» About this task
Once the line with "Figure 9. Utricularia vulgaris L." is found in the data, output it and each following line exactly, up to and including the line with "Group photo of", and nothing before or after.

» Material to process
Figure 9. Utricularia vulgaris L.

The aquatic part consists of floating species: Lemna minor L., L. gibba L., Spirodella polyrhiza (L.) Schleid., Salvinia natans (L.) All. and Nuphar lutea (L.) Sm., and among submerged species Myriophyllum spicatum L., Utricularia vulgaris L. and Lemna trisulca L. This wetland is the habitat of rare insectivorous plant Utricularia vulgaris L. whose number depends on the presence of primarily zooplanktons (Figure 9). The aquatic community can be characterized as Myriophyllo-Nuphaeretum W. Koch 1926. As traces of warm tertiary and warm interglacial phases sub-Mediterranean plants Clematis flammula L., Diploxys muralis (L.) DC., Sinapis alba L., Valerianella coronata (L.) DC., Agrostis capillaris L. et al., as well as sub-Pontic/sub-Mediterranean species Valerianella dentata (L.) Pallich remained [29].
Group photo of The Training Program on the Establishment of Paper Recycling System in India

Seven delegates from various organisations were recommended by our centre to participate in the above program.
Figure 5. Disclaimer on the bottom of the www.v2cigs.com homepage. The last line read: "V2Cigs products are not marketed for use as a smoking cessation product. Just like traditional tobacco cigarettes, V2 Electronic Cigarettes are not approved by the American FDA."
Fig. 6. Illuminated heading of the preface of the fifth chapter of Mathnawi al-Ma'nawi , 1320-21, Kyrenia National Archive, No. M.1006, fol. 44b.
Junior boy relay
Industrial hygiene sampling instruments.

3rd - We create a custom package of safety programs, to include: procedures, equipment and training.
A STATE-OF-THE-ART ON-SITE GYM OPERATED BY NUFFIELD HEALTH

--

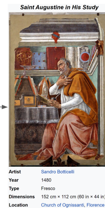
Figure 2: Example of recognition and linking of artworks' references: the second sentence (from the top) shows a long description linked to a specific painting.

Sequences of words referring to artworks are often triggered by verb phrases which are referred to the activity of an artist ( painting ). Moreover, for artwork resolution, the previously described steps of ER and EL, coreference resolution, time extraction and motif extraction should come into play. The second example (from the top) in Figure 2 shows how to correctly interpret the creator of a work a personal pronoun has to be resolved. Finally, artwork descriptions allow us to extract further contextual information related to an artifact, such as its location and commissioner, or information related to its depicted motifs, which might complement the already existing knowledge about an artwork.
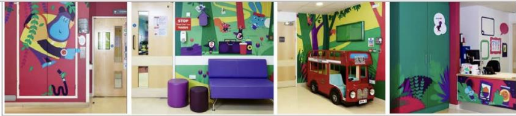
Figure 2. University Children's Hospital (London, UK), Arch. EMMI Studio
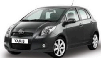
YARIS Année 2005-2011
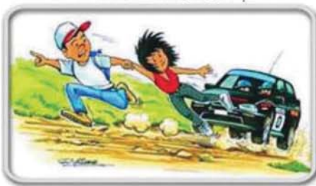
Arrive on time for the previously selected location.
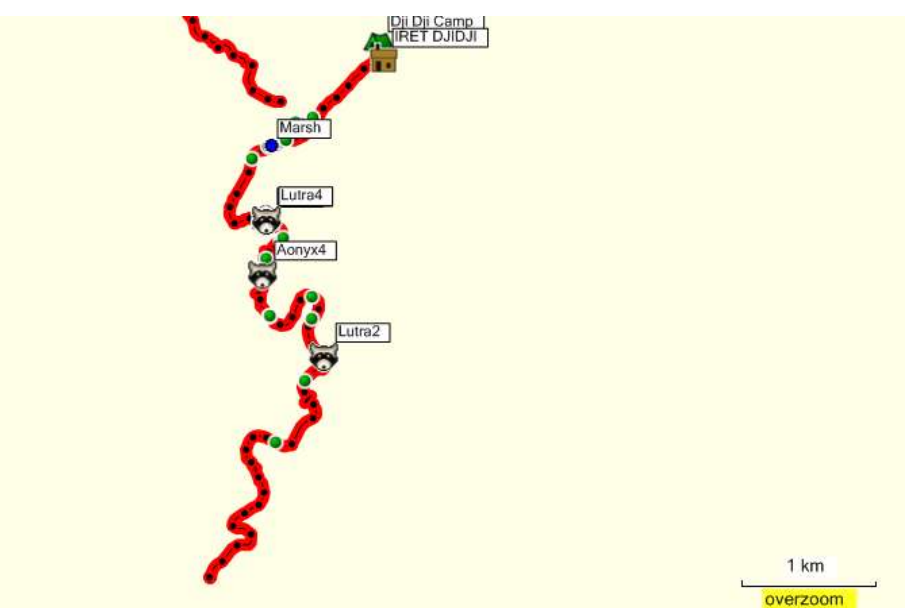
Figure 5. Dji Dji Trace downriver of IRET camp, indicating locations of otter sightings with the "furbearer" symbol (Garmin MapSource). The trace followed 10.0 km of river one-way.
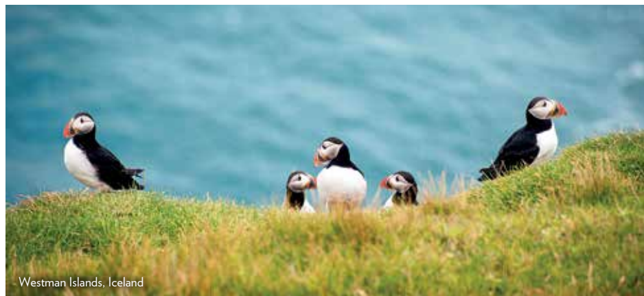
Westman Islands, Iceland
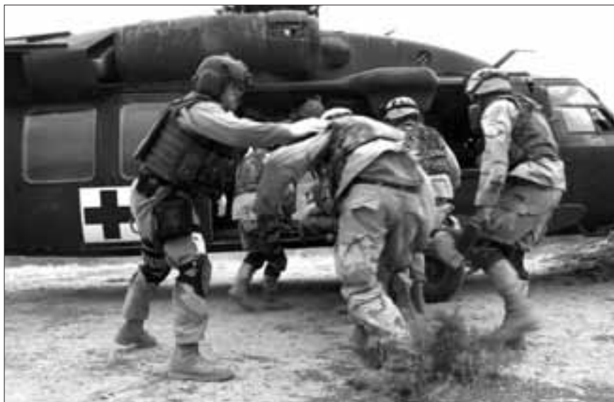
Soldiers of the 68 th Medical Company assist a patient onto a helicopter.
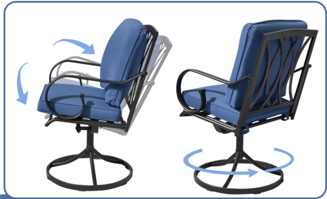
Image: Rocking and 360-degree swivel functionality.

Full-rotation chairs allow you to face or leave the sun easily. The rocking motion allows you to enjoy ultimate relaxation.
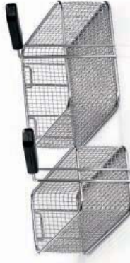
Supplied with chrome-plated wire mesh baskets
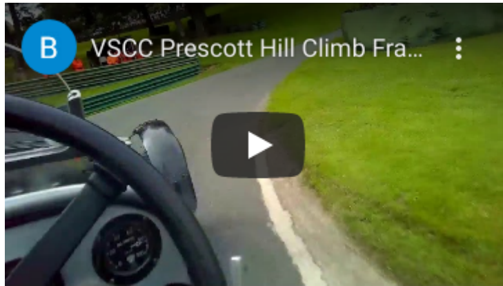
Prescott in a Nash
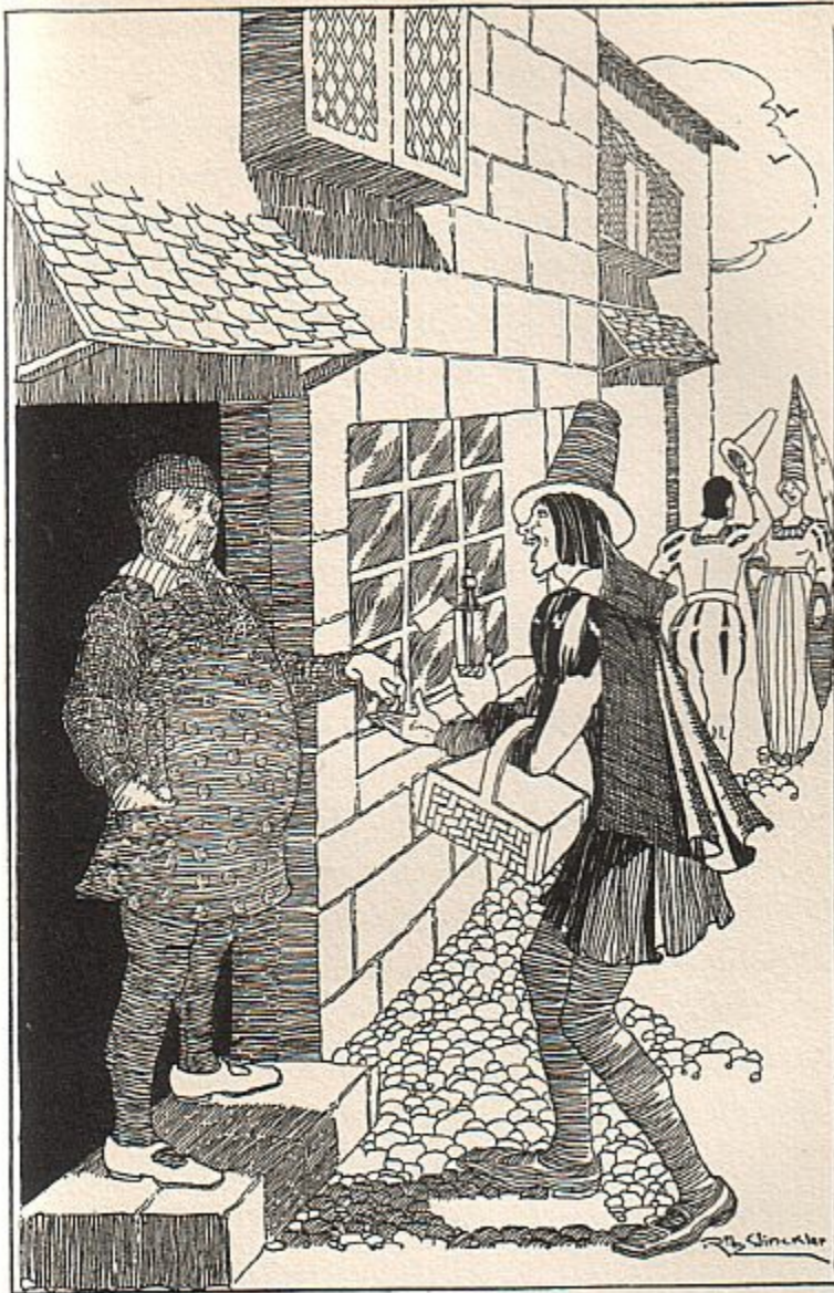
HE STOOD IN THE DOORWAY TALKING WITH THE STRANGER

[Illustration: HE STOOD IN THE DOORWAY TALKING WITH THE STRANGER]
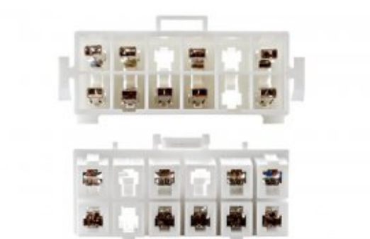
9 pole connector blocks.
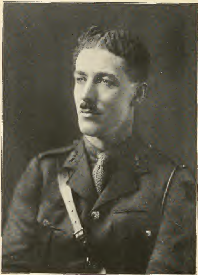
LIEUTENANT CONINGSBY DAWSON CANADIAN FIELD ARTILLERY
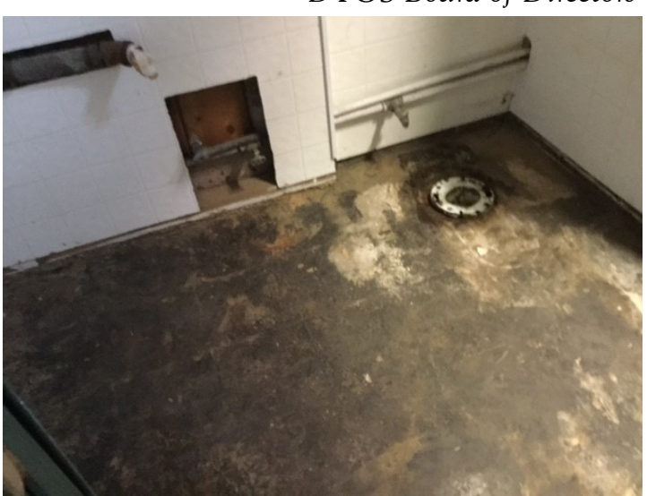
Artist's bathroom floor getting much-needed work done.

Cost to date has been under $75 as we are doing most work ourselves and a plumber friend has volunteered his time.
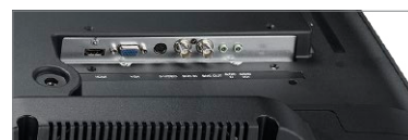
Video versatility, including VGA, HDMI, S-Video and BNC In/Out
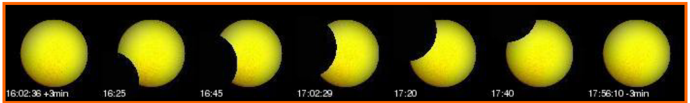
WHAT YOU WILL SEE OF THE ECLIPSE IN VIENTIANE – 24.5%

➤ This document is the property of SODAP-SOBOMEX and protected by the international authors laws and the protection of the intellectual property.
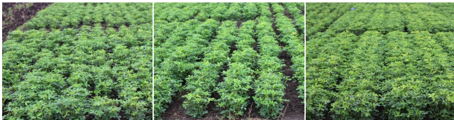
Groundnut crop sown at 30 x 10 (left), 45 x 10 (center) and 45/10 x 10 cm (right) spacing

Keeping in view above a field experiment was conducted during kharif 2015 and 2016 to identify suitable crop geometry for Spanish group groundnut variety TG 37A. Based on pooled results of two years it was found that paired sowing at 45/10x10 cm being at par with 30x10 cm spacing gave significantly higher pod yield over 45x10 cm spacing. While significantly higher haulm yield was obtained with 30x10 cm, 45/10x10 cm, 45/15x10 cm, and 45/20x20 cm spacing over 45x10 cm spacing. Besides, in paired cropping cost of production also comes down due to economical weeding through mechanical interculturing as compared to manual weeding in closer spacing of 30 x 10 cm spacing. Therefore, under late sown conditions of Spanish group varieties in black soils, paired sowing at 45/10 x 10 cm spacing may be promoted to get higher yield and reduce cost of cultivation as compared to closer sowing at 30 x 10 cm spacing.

* * *

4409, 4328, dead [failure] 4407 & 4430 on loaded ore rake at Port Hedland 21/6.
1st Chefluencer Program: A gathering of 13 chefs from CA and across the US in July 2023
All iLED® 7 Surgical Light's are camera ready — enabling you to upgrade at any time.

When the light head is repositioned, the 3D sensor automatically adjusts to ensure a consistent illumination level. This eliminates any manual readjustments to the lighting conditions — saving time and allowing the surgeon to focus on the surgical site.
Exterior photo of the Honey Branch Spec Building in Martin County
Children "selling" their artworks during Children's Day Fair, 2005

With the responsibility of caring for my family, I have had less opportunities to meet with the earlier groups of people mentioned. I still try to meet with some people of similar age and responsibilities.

» Written solution
Figure 9. Utricularia vulgaris L.

The aquatic part consists of floating species: Lemna minor L., L. gibba L., Spirodella polyrhiza (L.) Schleid., Salvinia natans (L.) All. and Nuphar lutea (L.) Sm., and among submerged species Myriophyllum spicatum L., Utricularia vulgaris L. and Lemna trisulca L. This wetland is the habitat of rare insectivorous plant Utricularia vulgaris L. whose number depends on the presence of primarily zooplanktons (Figure 9). The aquatic community can be characterized as Myriophyllo-Nuphaeretum W. Koch 1926. As traces of warm tertiary and warm interglacial phases sub-Mediterranean plants Clematis flammula L., Diploxys muralis (L.) DC., Sinapis alba L., Valerianella coronata (L.) DC., Agrostis capillaris L. et al., as well as sub-Pontic/sub-Mediterranean species Valerianella dentata (L.) Pallich remained [29].
Group photo of The Training Program on the Establishment of Paper Recycling System in India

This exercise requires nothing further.